Saudi Arabia indeed suggested a compromise to the oil production conflict, but what we have been witnessing lately from Saudi’s new import rules from the Gulf countries presents a new face for Riyadh for the future. “In February, Riyadh announced that from 2024, it would stop doing business with foreign companies whose regional headquarters are outside the kingdom”. The new rules also include goods produced in free zones not to be considered locally made. Goods made by Israel or using Israeli inputs are to be excluded from preferential concessions. Lastly, the GCC tariff agreement will also exclude goods made by companies whose industrial products are made up with less than 40% of the added value after their transportation process and companies made up with less than 25% of local people. With this move, they demonstrated their aim of wanting to move the regional economic hub to Riyadh from Dubai.

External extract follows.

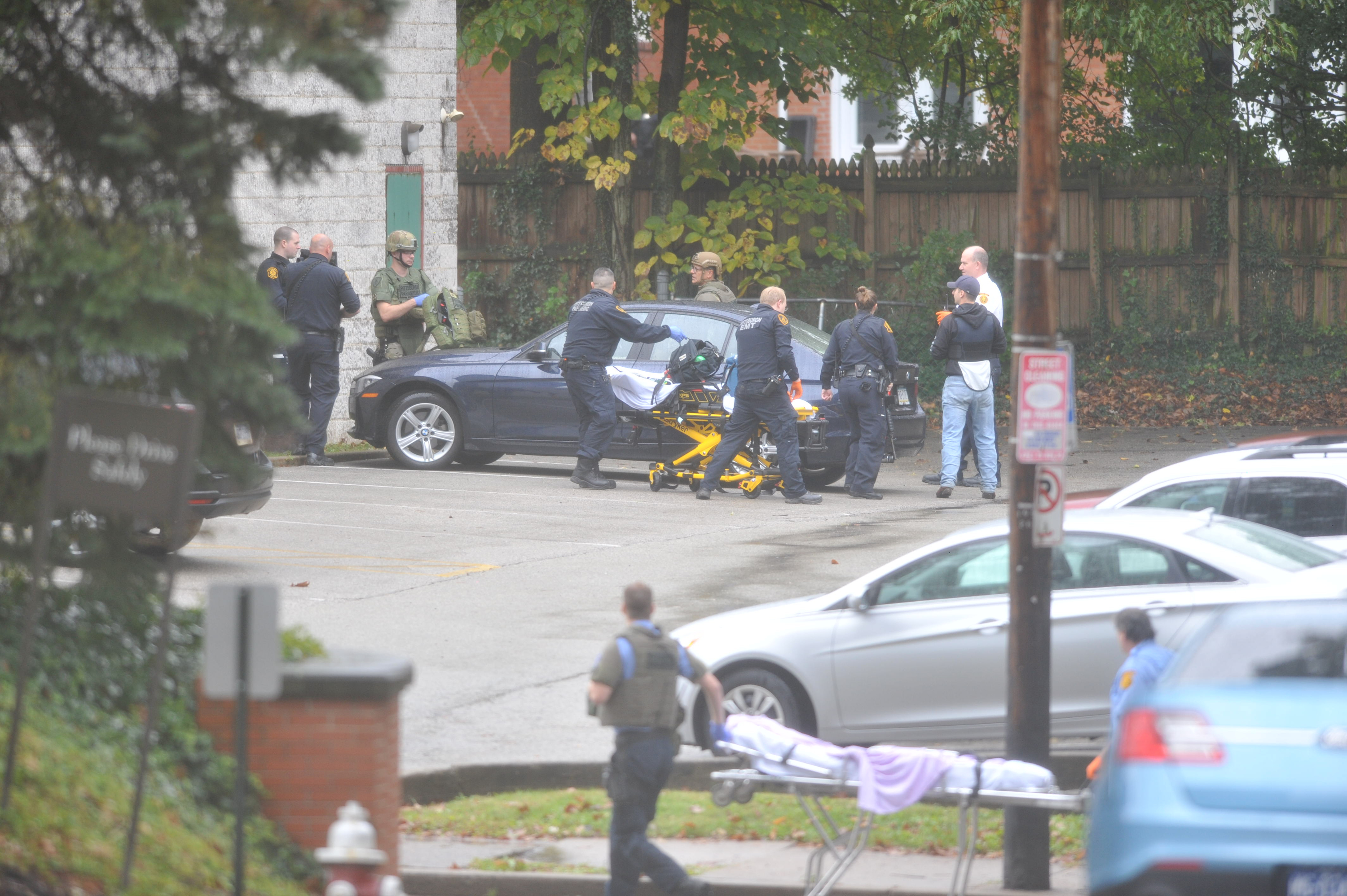 SS_20181027Shooting02 October 27, 2018 • 3000 × 1996 • Multiple fatalities at Pittsburgh synagogue mass shooting Police and medical personel gather on the side of Tree of Life Congregation synagogue on Saturday, Oct. 27, 2018, in Squirrel Hill. (Andrew Stein/Post-Gazette)

In its race to catch up with Dubai, in October 2017, KSA had announced its plans for the megacity Neom, which is an acronym for “New Future”. What makes this project distinctive is its role as a soft power tool. This project attracted the Russian investment fund, which announced that billions of dollars will be invested, as well as attaining the approval of the British Prime Minister Boris Johnson during the G20 summit. However, for the Neom project to prosper, an agreement must be made with Israel in the future. The need for this agreement is due to the 1979 peace treaty between Israel and Egypt, which granted Israel free shipping through Tiran Straits. In 2017, Egypt handed over the Tiran and Sanafir Islands to Saudi Arabia on the notion that it would benefit from the project since the KSA will plan on building a bridge to connect Egypt and Neom, crossing over the Strait of Tiran. Its second significant project is the “King Abdullah Center for Atomic and Renewable Energy” (K.A.CARE), which was founded in 2010. Besides achieving future sustainable energy nationally and internationally, the K.A.CARE has to collaborate with several local and foreign agencies and states to collect the required expertise and ensure the execution of its fundamental objectives.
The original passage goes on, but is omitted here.